Smoke on the Water nun die Nummer eins

Köln 13. Juli 2013

Mit einem überzeugenden Erfolg setzte sich der von Mario Hofer in Krefeld trainierte zweijährige Smoke on the Water beim Kölner Familienrenntag fürs erste an die Spitze des Jahrgangs 2011. Der Hengst von Guido W. Schmitt hatte bereits das erste hiesige Rennen für seine Altersklasse in diesem Jahr in Baden-Baden gewonnen. Jetzt setzte er sich unter Steffi Hofer im ersten deutschen Listen-Rennen der laufenden Saison für Zweijährige durch. Für seinen Betreuer gab es nach der Kölner Zweijährigen Trophy gleich doppelten Grund zur Freude, hatte er doch auch den Zweiten Silvery Moon gesattelt.

Der allseits beliebte Schecke, inzwischen längst ein ausgemachter Publikumsliebling nicht nur in Köln, war die eigentliche Überraschung im mit 20.000 Euro dotierten 1.400-Meter-Rennen. Wieder sorgte er für eine Welturaufführung. Denn schon beim Start zuvor hatte er als erster Vollblut-Schecke der Welt bekanntlich eine Platzierung geschafft; nun gelang ihm dasselbe sogar in einem Rennen der gehobenen Klasse. Silvery Moon hat jetzt eine Black-type-Platzierung, wie es in der Turf-Terminologie heißt. So etwas hat es weltweit bei einem Schecken noch nie gegeben.
Baden-Baden auf dem Programm

Und erneut wurde seine Platzierung wieder fast mehr gefeiert als der Sieg von Smoke on the Water, dessen Lager dies jedoch nicht nur sehr gelassen hinnahm, sondern den Schecken sogar mit aufs Bild nahm, als die Fotographen nach dem Rennen ihre obligatorischen Schnappschüsse machten.
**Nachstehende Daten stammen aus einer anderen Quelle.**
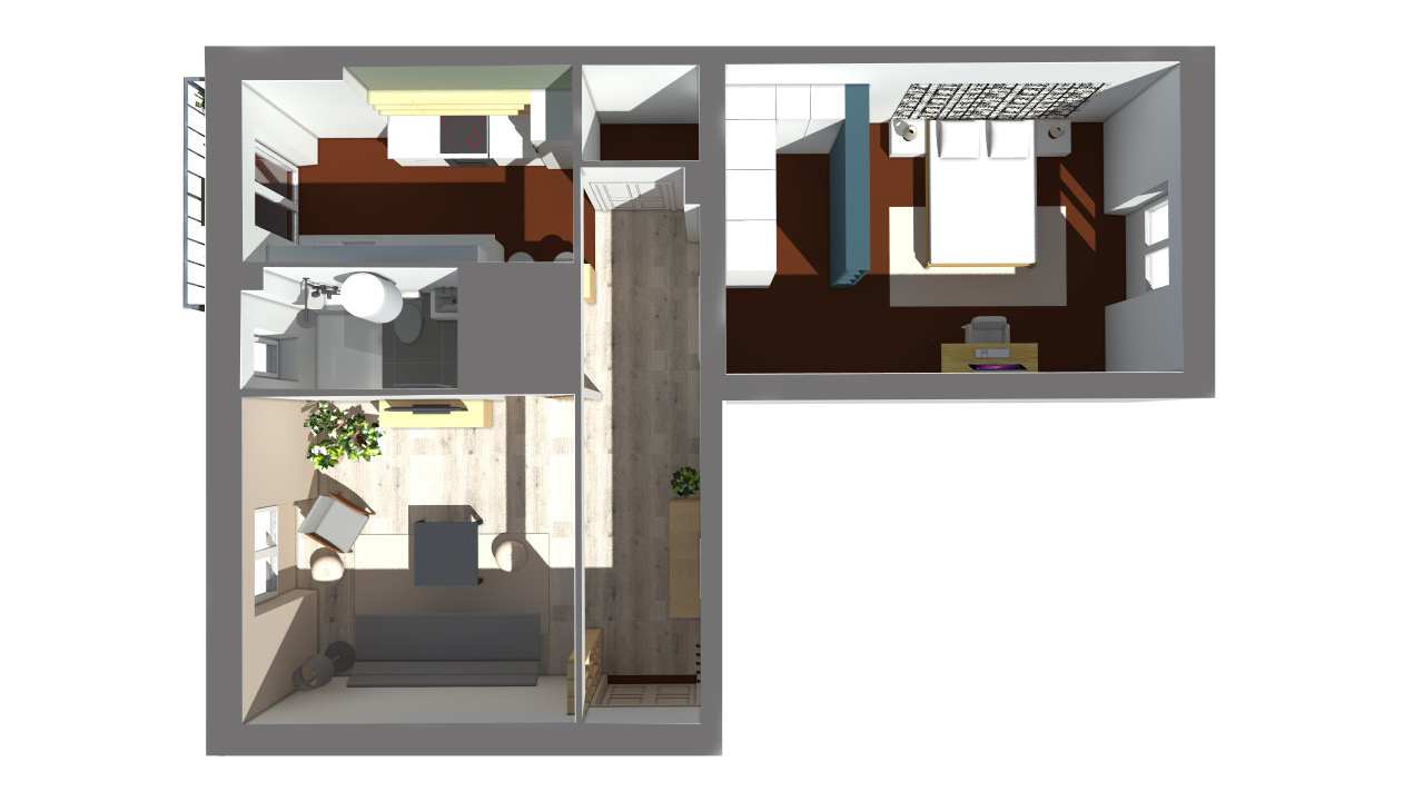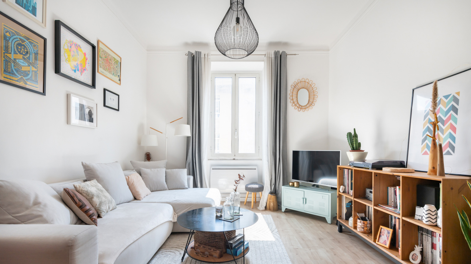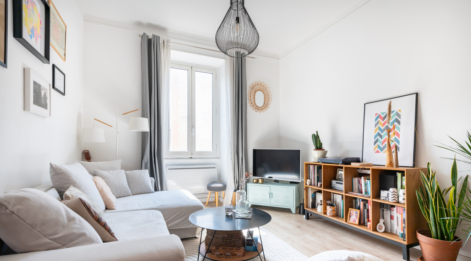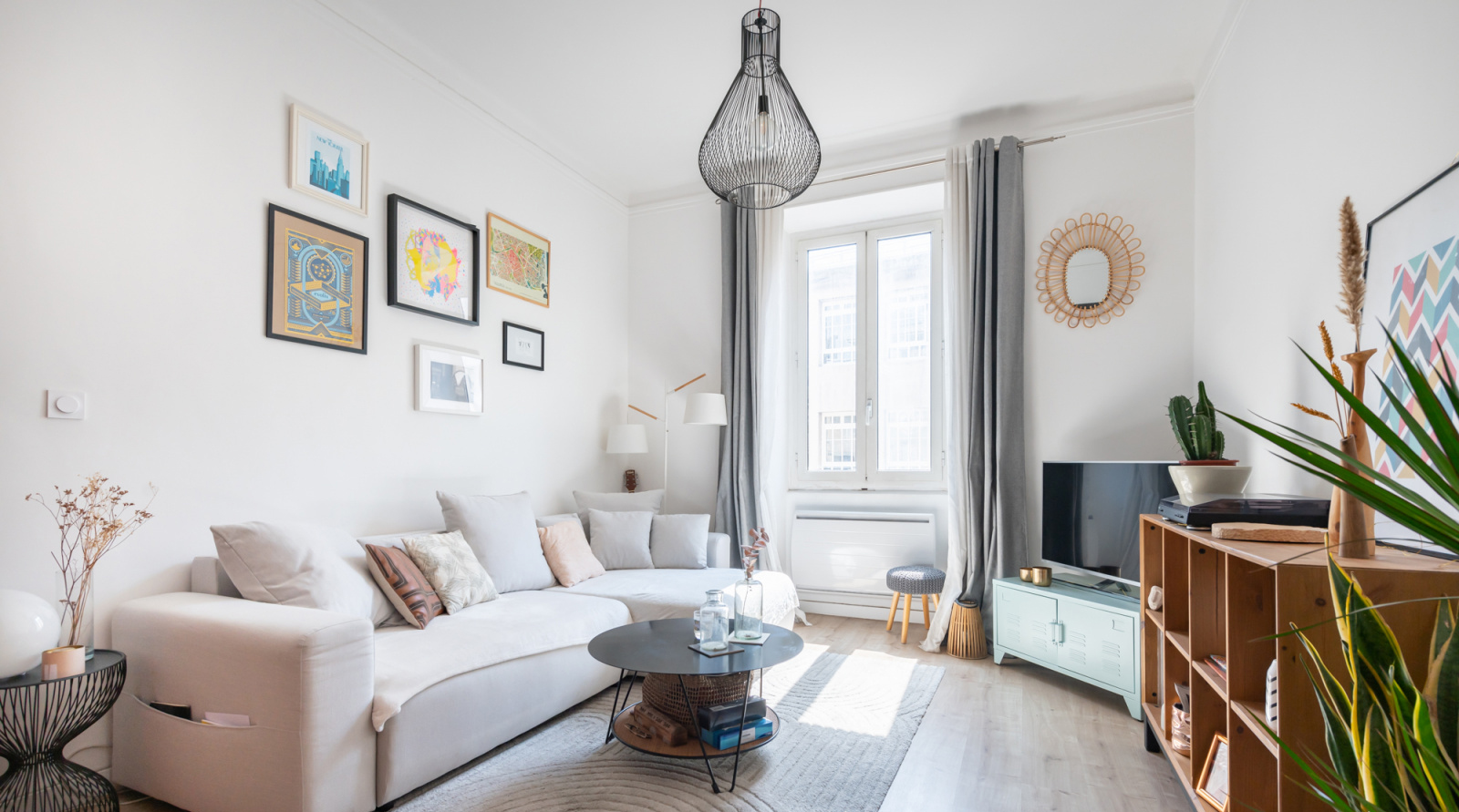 L’ensemble des pièces a été retravaillé et réaménagé. L’ancien salon est devenu chambre et la chambre, au moyen de la démolition de la cloison qui la séparait du couloir, est devenue le salon. Une poutre à l’aspect industriel conservé est venue assurer la démolition de la cloison potentiellement devenue porteuse. Les peintures ont été entièrement refaites, les murs légèrement ratissés et le mobilier a été changé.

Für Smoke on the Water, der zwischenzeitlich zudem bereits in Frankreich gestartet, dort aber ziemlich unter Wert geschlagen war, könnte es jetzt in Baden-Baden bei der Großen Woche weitergehen. Überdies besitzt der Sohn des schnellen Hengstes Areion noch Nennungen in zahlreichen weiteren Rennen im Herbst, die gute Zweijährige zumeist auf ihrer Agenda stehen haben.
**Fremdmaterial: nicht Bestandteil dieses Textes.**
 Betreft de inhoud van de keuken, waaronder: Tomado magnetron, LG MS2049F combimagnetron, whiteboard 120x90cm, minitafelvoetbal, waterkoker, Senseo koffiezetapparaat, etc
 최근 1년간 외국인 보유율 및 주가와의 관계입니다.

Glückwünsche für das Team von Lucky Speed

Bevor Smoke on the Water die Kölner Zweijährigen Trophy gewann, konnte auch die von Peter Schiergen trainierte Next Green endlich ihr erstes Rennen gewinnen. Bei ihr hatte man dieses eigentlich bereits im vergangenen Jahr schon fest eingeplant gehabt, doch trotz einiger guter Ansätze war ihr ein Erfolgserlebnis bis dato versagt geblieben.

Bei der Siegerehrung gab es für ihren Jockey Andrasch Starke und ihren Betreuer gleichzeitig noch eine Extra-Gratulation seitens des Kölner Renn-Vereins für den Derby-Sieg mit Lucky Speed am vergangenen Sonntag in Hamburg-Horn, die Vize-Präsident Alexander F. Leisten überbrachte.
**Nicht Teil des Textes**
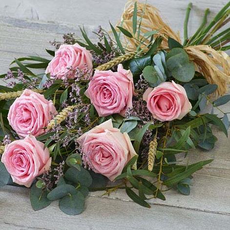 Gorgeous roses and eucalyptus beautifully combined with natural elements including dried wheat and a raffia bow.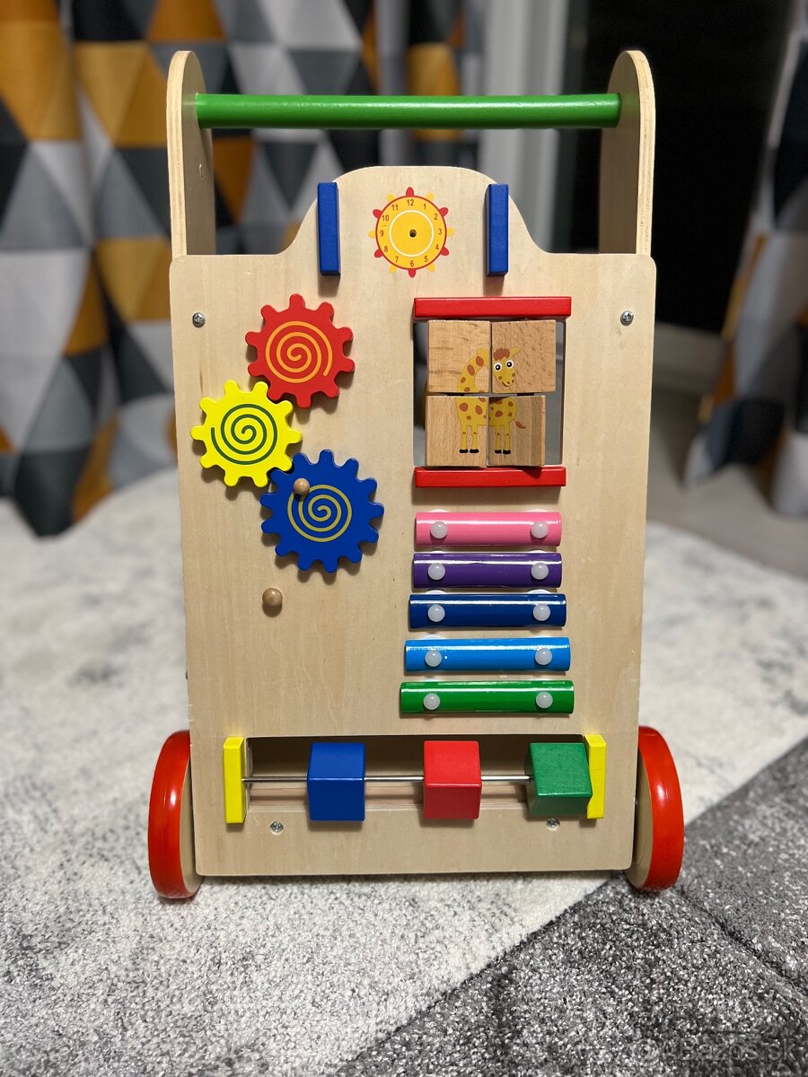 Predám kvalitné drevené chodítko pre deti s množstvom hracích prvkov. Vhodné pre deti, ktoré sa učia chodiť a zároveň sa rady hrajú.

Mit einem Erfolg auf dem Wallach Input holte sich die Warendorfer Amateur-Rennreiterin Silke Brüggemann nur wenig später dann noch wichtige Punkte für die Fegentri-Weltmeisterschaft der Damen. Hierbei waren Rennreiterinnen aus neun Nationen beteiligt, u.a. auch aus den USA. Bei veritablem „Kaiserwetter“ hatten wieder zahlreiche Besucher den Weidenpescher Park aufgesucht. Darunter auch viele Familien mit Kind und Kegel, ganz nach dem Motto des Tages.